P462 Upfront infliximab dose intensification for secondary loss of response in IBD: similar efficacy to dose interval shortening with the added advantage of early clinical and pharmacokinetic predictors of response
Srinivasan, A.(1,2,3);De Cruz, P.(3,4);Sam, M.(5,6,7);Toong, C.(5,6,7,8);van Langenberg, D.(1,2);
(1)Eastern Health, Department of Gastroenterology, Melbourne, Australia;(2)Monash University, Eastern Health Clinical School, Melbourne, Australia;(3)Austin Health, Department of Gastroenterology, Melbourne, Australia;(4)University of Melbourne, Austin Academic Centre, Melbourne, Australia;(5)NSW Health Pathology Liverpool Hospital, Department of Immunopathology, Sydney, Australia;(6)Ingham Institute of Applied Sciences, Immunology Research Group, Sydney, Australia;(7)University of NSW, South Western Sydney Clinical School, Sydney, Australia;(8)Liverpool Hospital, Department of Immunology, Sydney, Australia;
The efficacy and pharmacokinetic profile of upfront dose intensification strategies such as re-induction (RI) have not been well described, nor directly compared with more prevalent intensification strategies to address secondary loss of response (LOR) in inflammatory bowel disease (IBD). Hence this study aimed to prospectively compare infliximab RI and 6-weekly dose interval shortening (DIS) with reference to clinical and pharmacokinetic effectiveness, and to identify early predictors of response.
A prospective multicentre parallel cohort study of consecutive patients with IBD who underwent dose intensification to address secondary LOR using (1) infliximab RI (i.e. repeat week 0,2,6 dosing) followed by 8-weekly maintenance, or (2) 6-weekly DIS, over 30 weeks (6 doses) was undertaken. Primary outcomes were: (1) Clinical response, defined as a decrease in Harvey Bradshaw Index ≥3 or partial Mayo score ≥2 from pre-intensification baseline, assessed at weeks 12 and 32, and (2) Clinical and pharmacokinetic predictors of week 32 response, with serum infliximab samples collected at predefined timepoints (Figure 1). Patients who were dose intensified in the absence of clinical symptoms, were excluded from the primary analysis.

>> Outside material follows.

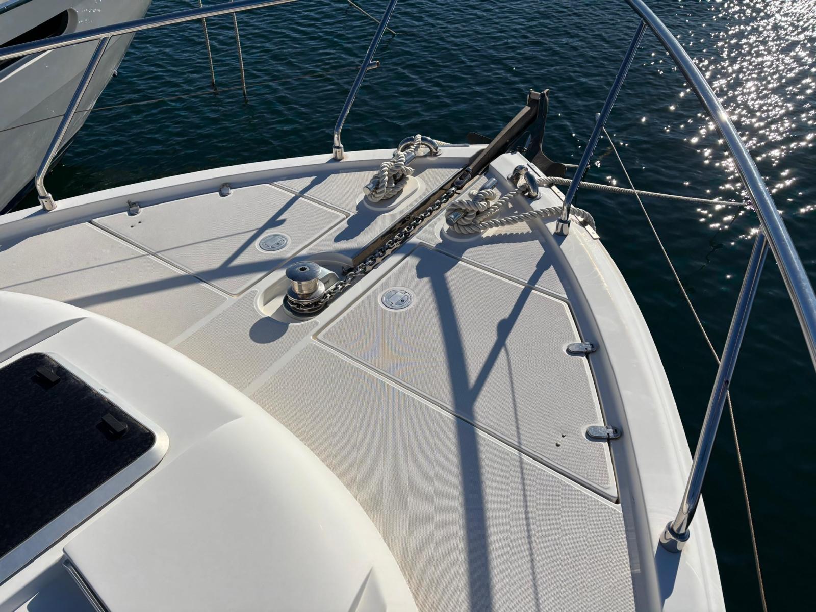 Allarme sentina, Autoclave, Cavo corrente di banchina, Corrimano di sicurezza, Doccia esterna, Doppia timoneria, Impianto antincendio, Indicatori Flaps, Lavandino nel Pozzetto, Parabordi, Passerella, Piattaforma, Pompa di sentina automatica, Pompa di sentina manuale, Pompa per Acqua di Mare, Pozzetto Teak, Raddrizzatore, Rollbar, Salpa Ancore Elettrico, Scaletta da bagno, Tavolo pozzetto, Tender, Winch tonneggio di poppa, Winch tonneggio di prua.

Of 104 patients, 54 underwent RI and 50 underwent 6-weekly DIS (Table 1), including 43 patients from each cohort who were dose intensified to address clinically active disease. Baseline infliximab trough levels prior to RI and DIS (2.03 v 2.02ug/ml, p=0.83) were comparable. Clinical response was similar across both RI and DIS cohorts at weeks 12 (70 v 65%, p=0.89) and 32 (53 v 63%, p=0.51). Multivariate logistic analyses demonstrated that objectively verified active disease at baseline (OR 20.43[2.53-64.94]; p=0.005) and clinical response at week 12 (OR 15.44[1.20-19.97]; p=0.036) were associated with week 32 response, as were week 2 infliximab levels within the RI cohort only (OR 1.34[1.02-1.47]; p=0.036). Following RI, week 2 infliximab levels below 15.6ug/ml (sensitivity 100.0%; specificity 42.9%; AUROC 0.76; p<0.05) were predictive of not achieving clinical response at week 32; potentially indicating that amongst this patient subset, week 12 clinical response may be useful in differentiating between early clinical responders who may benefit from sequential DIS following RI to prevent subsequent non-response, and early clinical non-responders who may benefit from early biologic switching.
Despite similar clinical outcomes across both dose intensification strategies, only upfront dose intensification using infliximab RI was associated with early clinical and pharmacokinetic predictors of response capable of facilitating early dose optimisation and biologic switching.